:: Task goal ::
Starting from the line with "1、交通:昆明出发及昆明州解散的全程专属用车及司机星级服务(含司机餐补、住宿)" and going up to and including the line with "1) Молочная приталенная", copy the listing below exactly. Leave all images out.

:: Material for this task ::
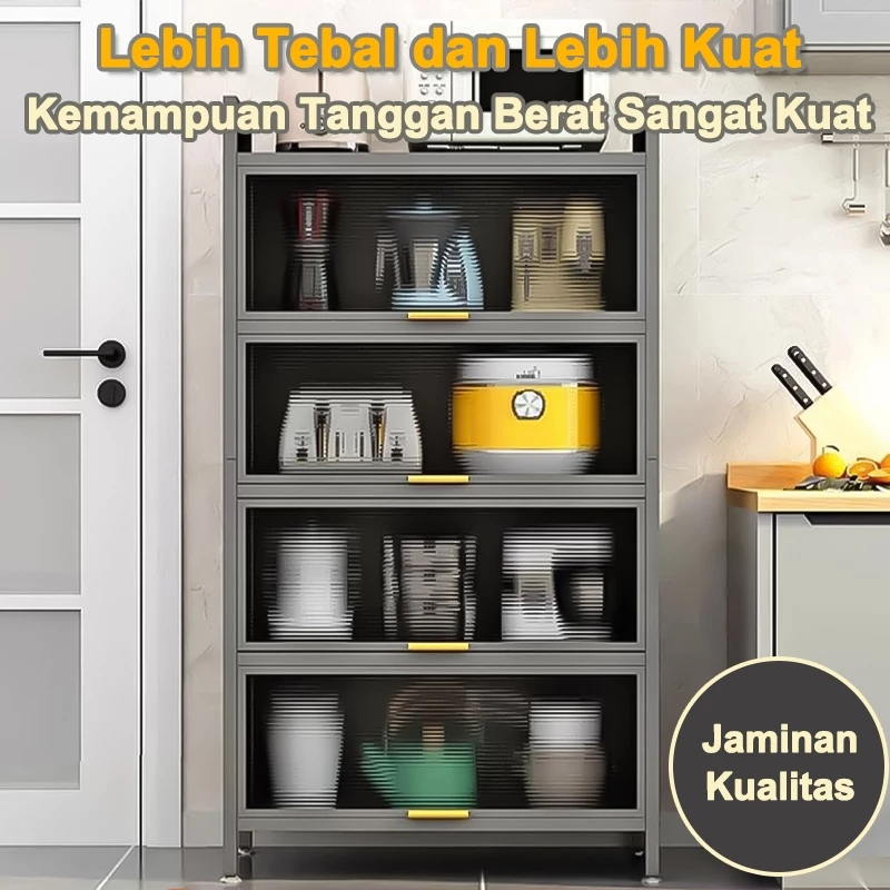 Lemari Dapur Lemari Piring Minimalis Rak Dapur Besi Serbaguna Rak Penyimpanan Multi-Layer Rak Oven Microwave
--
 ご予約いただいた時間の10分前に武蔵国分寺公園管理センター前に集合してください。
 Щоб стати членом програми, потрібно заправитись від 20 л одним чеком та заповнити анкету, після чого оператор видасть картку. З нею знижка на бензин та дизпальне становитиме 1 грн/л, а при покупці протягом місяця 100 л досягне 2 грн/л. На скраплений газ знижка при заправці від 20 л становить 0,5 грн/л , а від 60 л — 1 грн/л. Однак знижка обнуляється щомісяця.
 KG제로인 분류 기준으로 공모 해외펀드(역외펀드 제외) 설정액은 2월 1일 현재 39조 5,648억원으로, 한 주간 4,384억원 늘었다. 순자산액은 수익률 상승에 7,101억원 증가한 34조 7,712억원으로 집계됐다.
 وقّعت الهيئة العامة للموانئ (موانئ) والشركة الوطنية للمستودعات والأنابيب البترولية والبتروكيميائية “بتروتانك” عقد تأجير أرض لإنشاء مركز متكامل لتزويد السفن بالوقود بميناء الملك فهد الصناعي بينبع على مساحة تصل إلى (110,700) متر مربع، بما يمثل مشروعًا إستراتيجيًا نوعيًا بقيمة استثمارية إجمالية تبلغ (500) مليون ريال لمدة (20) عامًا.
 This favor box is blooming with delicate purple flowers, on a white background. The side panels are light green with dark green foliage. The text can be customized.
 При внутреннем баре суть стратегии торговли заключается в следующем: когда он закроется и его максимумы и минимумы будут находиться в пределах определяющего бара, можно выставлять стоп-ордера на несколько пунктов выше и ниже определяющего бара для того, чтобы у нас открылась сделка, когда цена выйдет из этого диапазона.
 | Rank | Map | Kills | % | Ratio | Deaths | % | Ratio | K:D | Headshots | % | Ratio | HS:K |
==
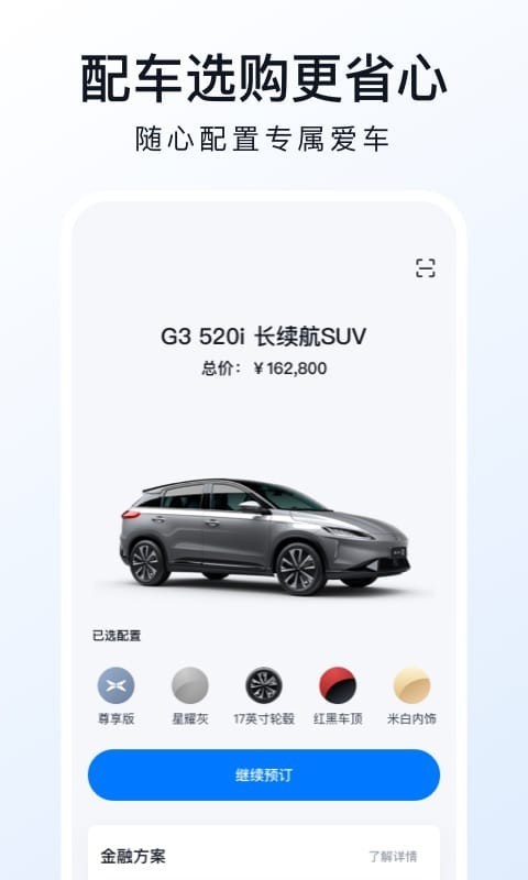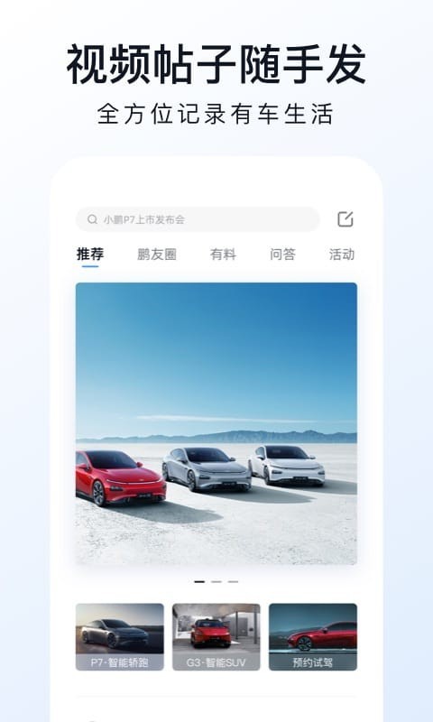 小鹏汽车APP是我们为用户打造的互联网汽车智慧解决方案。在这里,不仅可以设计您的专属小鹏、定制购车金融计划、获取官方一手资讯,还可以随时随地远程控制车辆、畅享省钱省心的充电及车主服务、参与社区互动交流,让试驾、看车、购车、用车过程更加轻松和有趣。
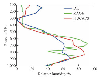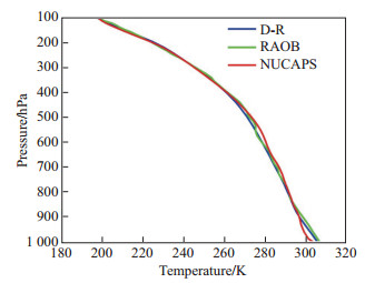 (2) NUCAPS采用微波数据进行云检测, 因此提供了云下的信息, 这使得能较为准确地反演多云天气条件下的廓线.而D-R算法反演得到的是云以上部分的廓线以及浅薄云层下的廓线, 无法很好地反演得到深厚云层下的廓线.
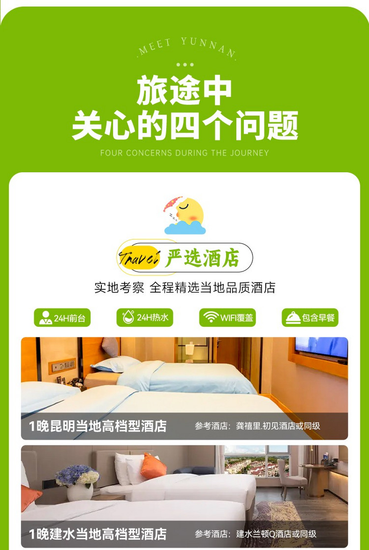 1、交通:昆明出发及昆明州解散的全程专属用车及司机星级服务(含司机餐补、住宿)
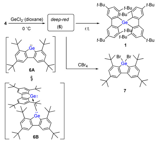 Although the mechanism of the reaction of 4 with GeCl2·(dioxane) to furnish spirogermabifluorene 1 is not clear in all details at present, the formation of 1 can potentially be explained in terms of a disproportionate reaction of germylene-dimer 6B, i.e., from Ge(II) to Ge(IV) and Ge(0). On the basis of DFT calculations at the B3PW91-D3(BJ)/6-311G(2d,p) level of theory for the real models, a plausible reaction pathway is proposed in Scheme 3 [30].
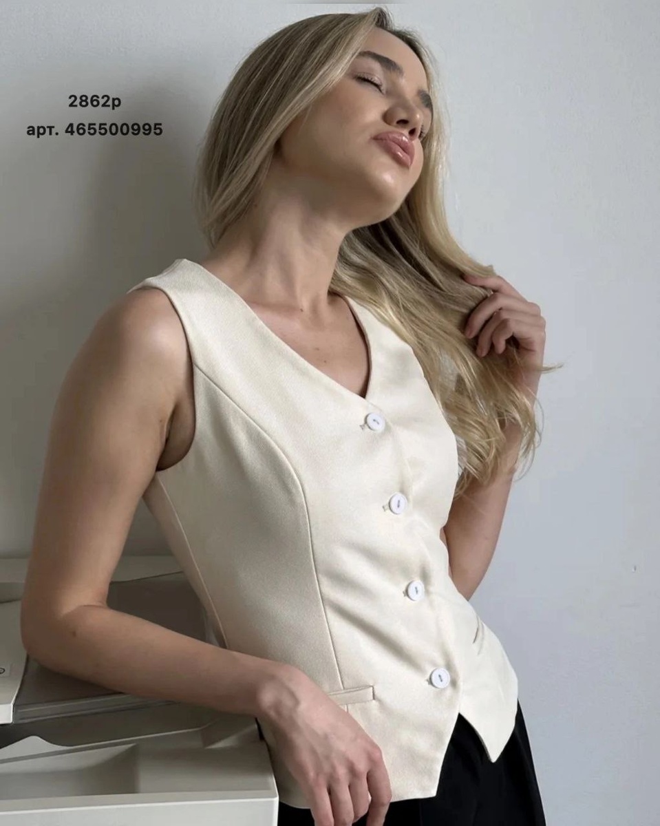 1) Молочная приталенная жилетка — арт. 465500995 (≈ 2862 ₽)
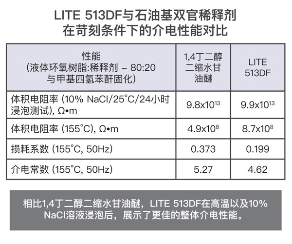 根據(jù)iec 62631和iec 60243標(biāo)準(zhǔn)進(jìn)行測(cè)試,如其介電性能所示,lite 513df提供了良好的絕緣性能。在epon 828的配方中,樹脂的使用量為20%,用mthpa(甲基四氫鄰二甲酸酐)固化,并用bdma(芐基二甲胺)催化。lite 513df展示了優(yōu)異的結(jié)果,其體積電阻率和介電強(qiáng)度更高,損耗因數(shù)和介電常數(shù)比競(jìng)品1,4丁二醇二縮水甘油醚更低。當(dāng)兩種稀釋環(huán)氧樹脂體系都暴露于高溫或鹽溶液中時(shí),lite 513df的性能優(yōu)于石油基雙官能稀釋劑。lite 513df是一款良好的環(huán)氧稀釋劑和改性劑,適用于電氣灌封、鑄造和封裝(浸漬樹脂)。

:: Expected answer ::
 1、交通:昆明出发及昆明州解散的全程专属用车及司机星级服务(含司机餐补、住宿)
 Although the mechanism of the reaction of 4 with GeCl2·(dioxane) to furnish spirogermabifluorene 1 is not clear in all details at present, the formation of 1 can potentially be explained in terms of a disproportionate reaction of germylene-dimer 6B, i.e., from Ge(II) to Ge(IV) and Ge(0). On the basis of DFT calculations at the B3PW91-D3(BJ)/6-311G(2d,p) level of theory for the real models, a plausible reaction pathway is proposed in Scheme 3 [30].
 1) Молочная приталенная жилетка — арт. 465500995 (≈ 2862 ₽)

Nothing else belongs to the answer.